◆ DATA SHOWN
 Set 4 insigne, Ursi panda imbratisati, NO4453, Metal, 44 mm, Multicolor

---

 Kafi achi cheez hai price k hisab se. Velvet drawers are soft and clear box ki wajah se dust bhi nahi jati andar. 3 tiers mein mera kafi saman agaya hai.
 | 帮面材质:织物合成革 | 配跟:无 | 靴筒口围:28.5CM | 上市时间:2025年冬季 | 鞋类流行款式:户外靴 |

...

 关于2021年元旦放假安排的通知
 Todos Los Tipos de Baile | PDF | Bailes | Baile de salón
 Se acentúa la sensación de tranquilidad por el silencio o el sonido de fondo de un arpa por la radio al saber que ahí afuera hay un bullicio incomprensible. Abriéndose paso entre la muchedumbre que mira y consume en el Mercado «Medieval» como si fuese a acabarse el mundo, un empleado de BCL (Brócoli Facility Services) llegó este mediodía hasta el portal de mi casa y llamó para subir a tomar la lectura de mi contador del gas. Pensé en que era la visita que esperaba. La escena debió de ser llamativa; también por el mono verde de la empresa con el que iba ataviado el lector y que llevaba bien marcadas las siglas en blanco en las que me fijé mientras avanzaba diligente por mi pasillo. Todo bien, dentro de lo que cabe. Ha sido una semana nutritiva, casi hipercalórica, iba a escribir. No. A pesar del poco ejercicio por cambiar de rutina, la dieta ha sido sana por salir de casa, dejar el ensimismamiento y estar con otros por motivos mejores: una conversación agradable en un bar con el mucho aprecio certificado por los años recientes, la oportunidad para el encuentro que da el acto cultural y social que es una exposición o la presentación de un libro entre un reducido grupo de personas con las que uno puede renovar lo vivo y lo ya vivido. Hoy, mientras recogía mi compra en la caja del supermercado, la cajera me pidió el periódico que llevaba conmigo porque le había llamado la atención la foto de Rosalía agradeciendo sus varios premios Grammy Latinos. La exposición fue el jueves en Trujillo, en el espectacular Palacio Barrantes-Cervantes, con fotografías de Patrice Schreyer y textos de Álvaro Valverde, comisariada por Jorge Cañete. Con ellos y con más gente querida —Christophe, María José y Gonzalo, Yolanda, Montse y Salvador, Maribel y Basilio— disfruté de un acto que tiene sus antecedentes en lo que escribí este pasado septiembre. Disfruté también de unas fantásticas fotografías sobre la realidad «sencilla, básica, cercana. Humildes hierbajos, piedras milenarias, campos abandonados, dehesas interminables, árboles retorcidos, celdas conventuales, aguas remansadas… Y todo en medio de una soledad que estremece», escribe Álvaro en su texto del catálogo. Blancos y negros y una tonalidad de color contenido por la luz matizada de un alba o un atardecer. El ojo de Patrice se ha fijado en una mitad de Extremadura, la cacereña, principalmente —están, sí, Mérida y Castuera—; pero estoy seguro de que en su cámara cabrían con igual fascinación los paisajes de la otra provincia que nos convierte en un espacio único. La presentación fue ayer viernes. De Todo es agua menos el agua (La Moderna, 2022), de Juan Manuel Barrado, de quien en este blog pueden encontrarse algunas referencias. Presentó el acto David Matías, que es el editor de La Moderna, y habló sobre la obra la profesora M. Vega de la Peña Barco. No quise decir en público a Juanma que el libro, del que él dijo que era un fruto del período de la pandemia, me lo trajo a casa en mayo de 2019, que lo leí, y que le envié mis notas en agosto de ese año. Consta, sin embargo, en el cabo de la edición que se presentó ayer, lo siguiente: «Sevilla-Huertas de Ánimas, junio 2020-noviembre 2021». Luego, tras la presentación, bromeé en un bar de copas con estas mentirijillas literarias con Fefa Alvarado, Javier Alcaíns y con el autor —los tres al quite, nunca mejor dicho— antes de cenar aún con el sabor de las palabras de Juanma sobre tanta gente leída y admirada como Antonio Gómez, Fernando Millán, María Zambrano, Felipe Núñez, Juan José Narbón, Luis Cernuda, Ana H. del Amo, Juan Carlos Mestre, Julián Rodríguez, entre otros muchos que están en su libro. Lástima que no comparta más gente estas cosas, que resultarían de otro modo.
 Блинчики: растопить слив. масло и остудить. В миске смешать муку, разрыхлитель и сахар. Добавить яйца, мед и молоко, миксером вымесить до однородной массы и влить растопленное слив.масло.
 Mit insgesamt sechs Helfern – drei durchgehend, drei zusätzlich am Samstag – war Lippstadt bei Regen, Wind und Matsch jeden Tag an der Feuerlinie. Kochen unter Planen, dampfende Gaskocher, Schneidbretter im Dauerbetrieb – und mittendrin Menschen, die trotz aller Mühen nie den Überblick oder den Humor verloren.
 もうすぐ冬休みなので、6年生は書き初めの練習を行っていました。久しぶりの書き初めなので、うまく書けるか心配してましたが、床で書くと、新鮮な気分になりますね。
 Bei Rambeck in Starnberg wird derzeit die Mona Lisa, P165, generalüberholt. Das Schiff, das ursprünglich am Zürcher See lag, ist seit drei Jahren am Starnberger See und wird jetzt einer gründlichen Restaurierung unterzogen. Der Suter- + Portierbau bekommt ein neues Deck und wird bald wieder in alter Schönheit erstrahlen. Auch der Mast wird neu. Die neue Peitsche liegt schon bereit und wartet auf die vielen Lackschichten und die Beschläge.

◆ WORK REQUIRED
Please copy out each line of the material that holds the string "drei".

◆ TASK RESPONSE
 Mit insgesamt sechs Helfern – drei durchgehend, drei zusätzlich am Samstag – war Lippstadt bei Regen, Wind und Matsch jeden Tag an der Feuerlinie. Kochen unter Planen, dampfende Gaskocher, Schneidbretter im Dauerbetrieb – und mittendrin Menschen, die trotz aller Mühen nie den Überblick oder den Humor verloren.
 Bei Rambeck in Starnberg wird derzeit die Mona Lisa, P165, generalüberholt. Das Schiff, das ursprünglich am Zürcher See lag, ist seit drei Jahren am Starnberger See und wird jetzt einer gründlichen Restaurierung unterzogen. Der Suter- + Portierbau bekommt ein neues Deck und wird bald wieder in alter Schönheit erstrahlen. Auch der Mast wird neu. Die neue Peitsche liegt schon bereit und wartet auf die vielen Lackschichten und die Beschläge.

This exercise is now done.